3.6 Safety and Tolerability of EVE Therapy
Overall, 70.9% (n = 95) of all patients reported AEs during EVE therapy, which led to a dose reduction or temporary discontinuation in 22.4% (n = 30). Adverse events were significantly more frequently reported among adult patients than among children and adolescents (p = 0.036). The most frequently reported AEs were stomatitis (47.0%, n = 63), acne-like rash (7.7%, n = 10), general symptoms of immunosuppression (6.0%, n = 8), lymphoedema (6.0%, n = 8) and the deterioration of a patient’s general condition (5.2%, n = 7). Wound-healing difficulties were reported by three patients (2.2%). The relative frequencies of each AE did not differ significantly between the minor patients and adult patients with TSC in our cohort. Detailed information regarding AE frequency as well as general safety and tolerability of EVE therapy is provided in Tables 4 and 5.
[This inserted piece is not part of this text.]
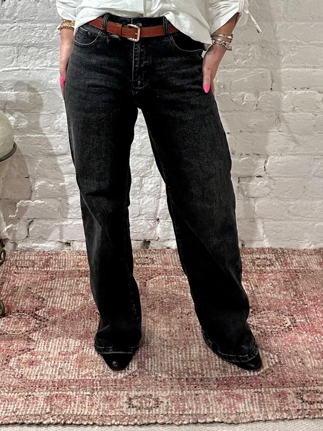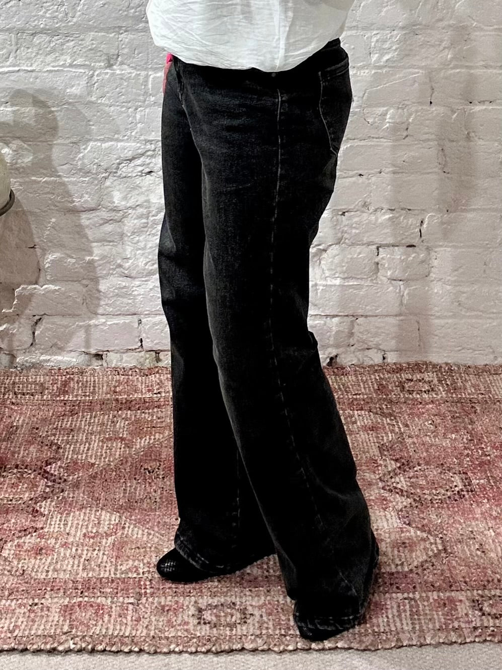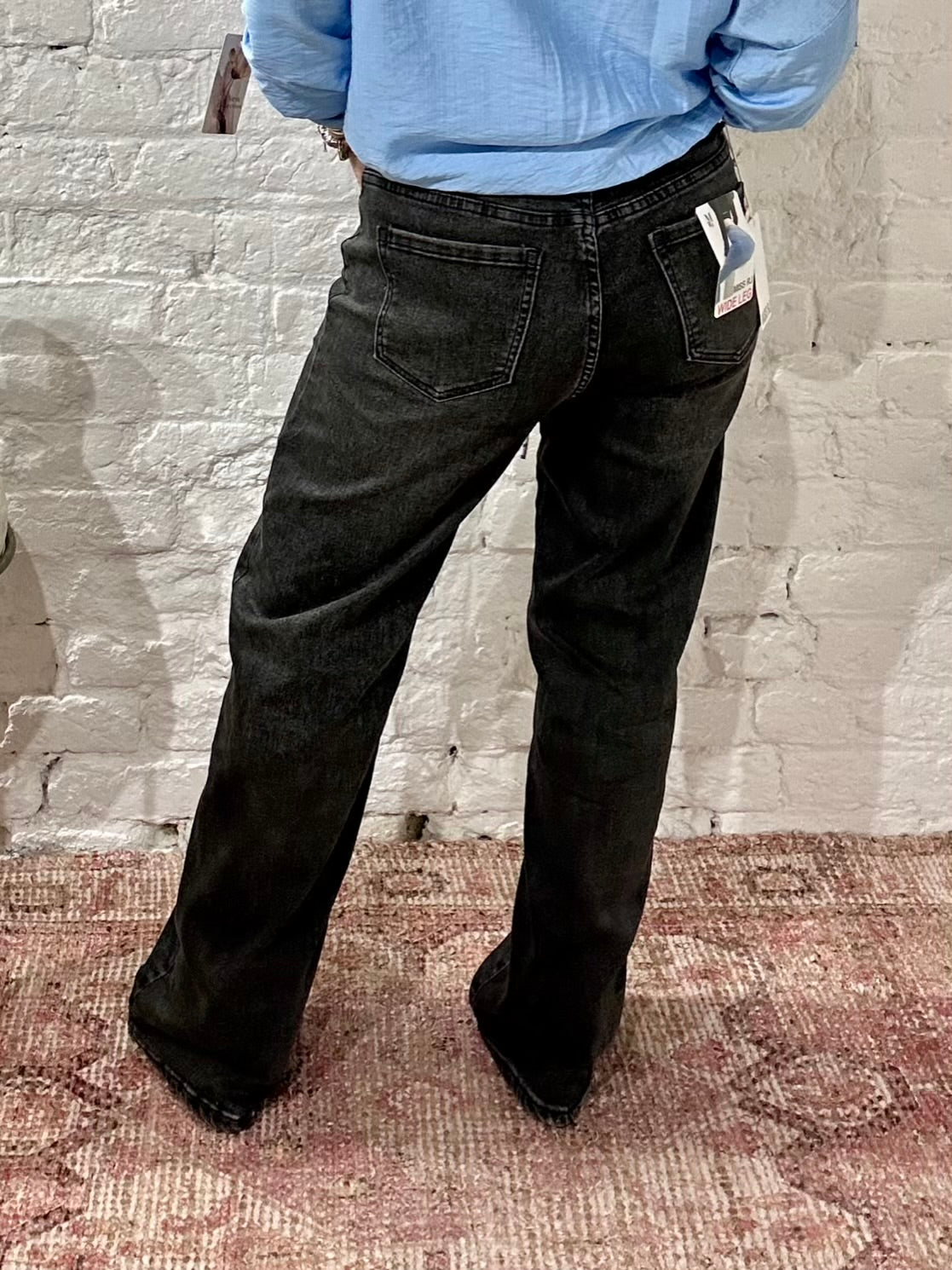 Miss RJ Washed Black Fashion Wide Leg Jeans

The mean number of ASDs being used was 1.8 ± 0.78 among the total population, including 1.7 ± 0.8 among patients not currently taking EVE and 2.0 ± 0.74 among patients currently taking EVE (p = 0.043). In the subgroup of patients currently taking EVE, 24.3% reported no concomitant ASD intake, whereas 18.2% stated the use of one ASD, and 57.4% reported the use of two or more ASDs. Among patients not currently being treated with EVE, 27.6%, 33.2% and 39.2%, respectively reported the use of zero, one or multiple ASDs. Further information regarding the ASD regimes and the corresponding LAEP scores is provided in Table 5.
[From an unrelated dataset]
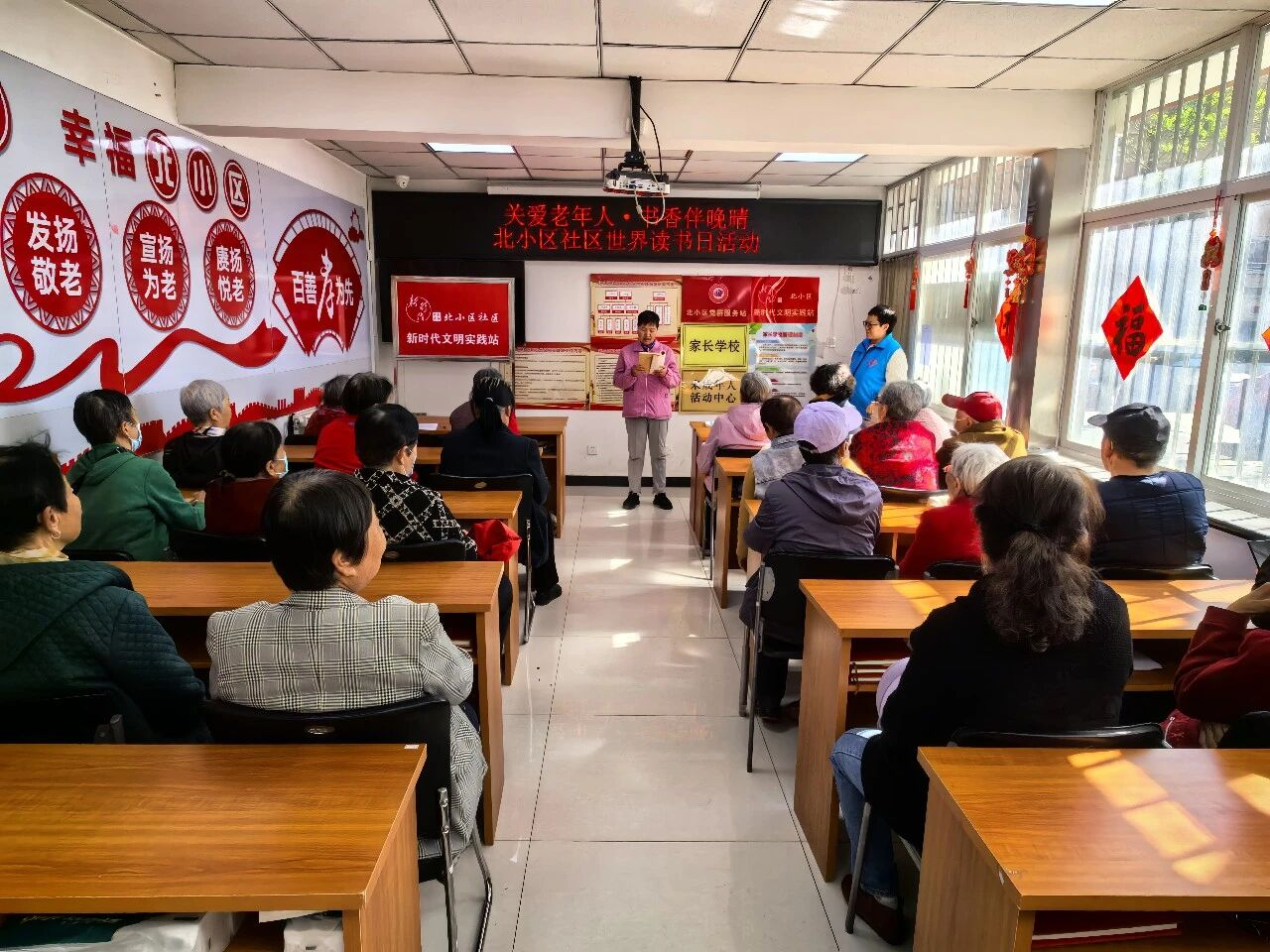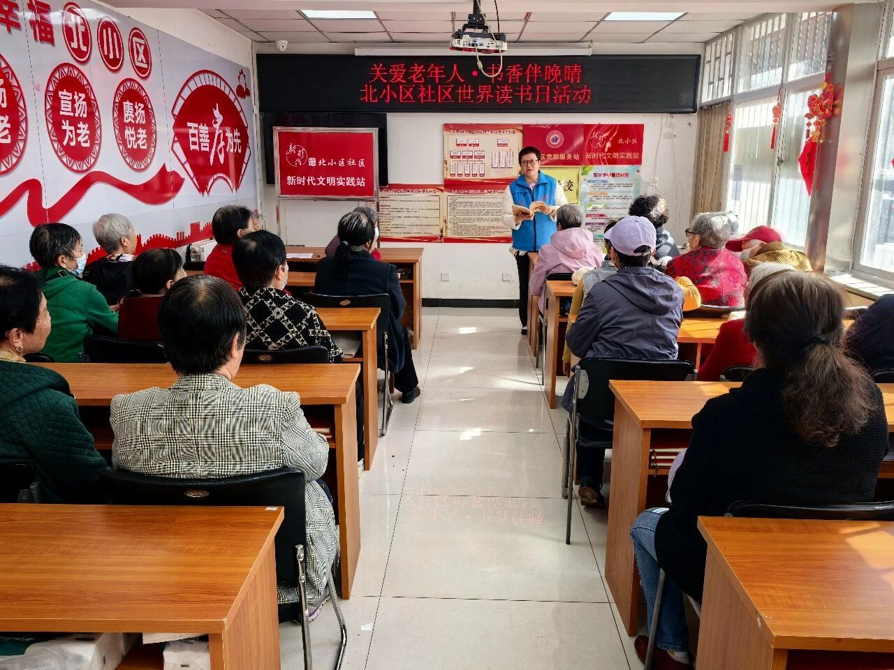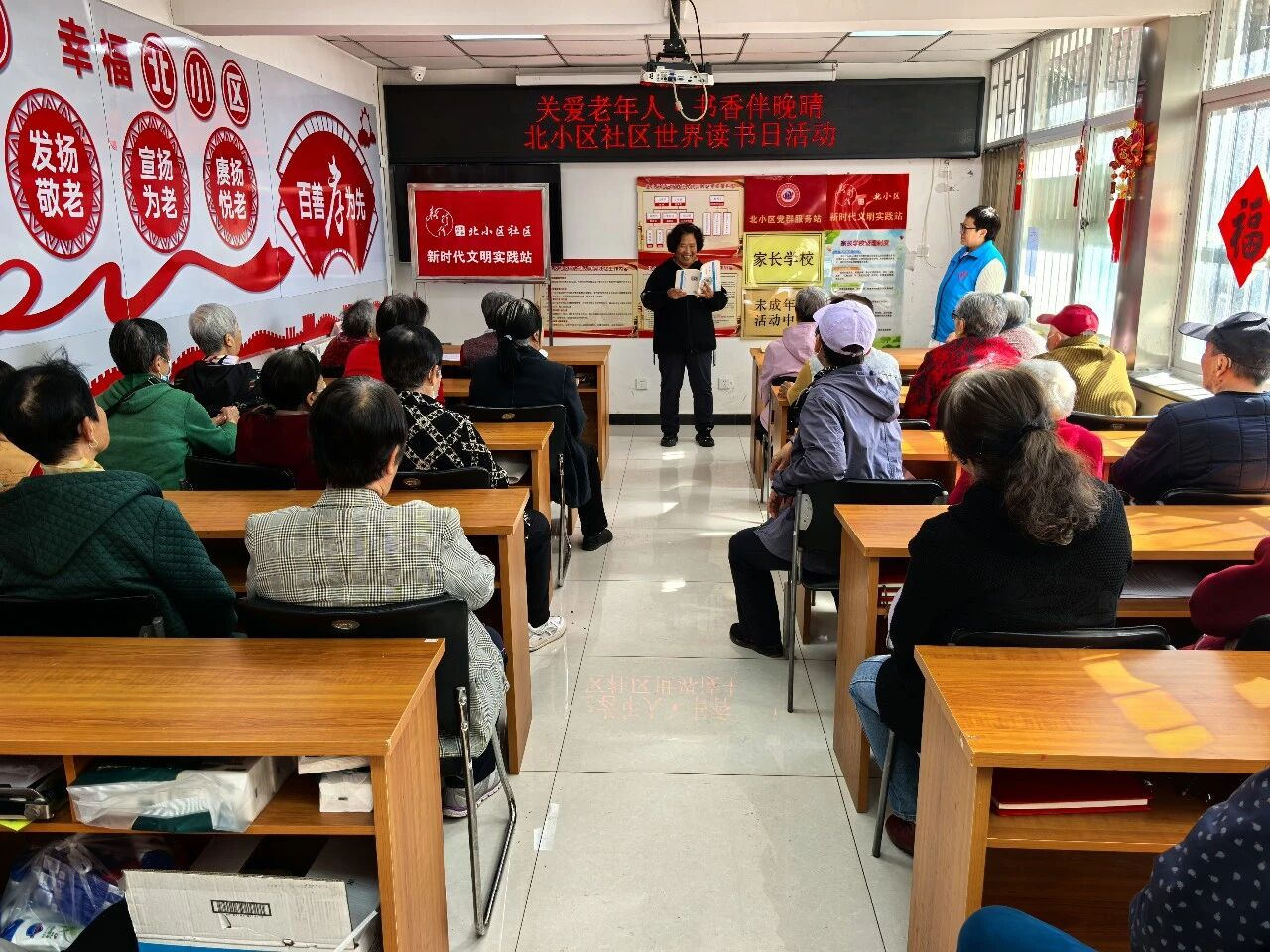 世界读书日到来之际,北小区社区开展关爱老年人主题阅读活动,50余名社区老年居民参与其中。

The mean LAEP score was 38.2 ± 10.9 (median: 37.0) for all enrolled patients. The mean LAEP score was significantly higher among patients currently being treated with EVE (mean: 41.7 ± 11.9) compared with patients not receiving EVE treatment (mean; 36.8 ± 10.2, p = 0.011). Significant differences in the LAEP score were observed between patients without concomitant ASD therapy being currently treated or not treated with EVE (EVE 41.4 vs no EVE 34.2, n = 97; p = 0.003). Comparing patients taking an ASD monotherapy, the LAEP score was significantly higher in those taking EVE (EVE = 40.7 vs no EVE = 37.0, n = 104, p = 0.003). The LAEP score was also significantly higher in patients taking EVE and an ASD polytherapy (EVE = 42.3 vs no EVE = 38.5, n = 164, p = 0.003). When examining individual LAEP items, the EVE population revealed significantly higher scores for ‘tiredness’ (p = 0.006), ‘problems with the skin’ (p = 0.019), ‘trouble with mouth/gums’ (p = 0.006) and ‘sleepiness’ (p = 0.006) compared with patients not using EVE. In patients without concomitant ASD therapy, only ‘tiredness’ (p = 0.010), ‘problems with the skin’ (p = 0.024) and ‘trouble with mouth/gums’ (p = 0.005) remained significant. Detailed information describing the LAEP results, and associated items are provided in Table 5 and displayed in Fig. 2. The best fit (F = 11.431, p < 0.001) of multivariate regression analysis resulted in a model with three remaining factors, i.e. number of concomitant ASDs (p = 0.062, OR 1.931), presence of AEs (p = 0.005, OR 2.987) and presence of psychiatric comorbidities (p = 0.001, OR 3.819).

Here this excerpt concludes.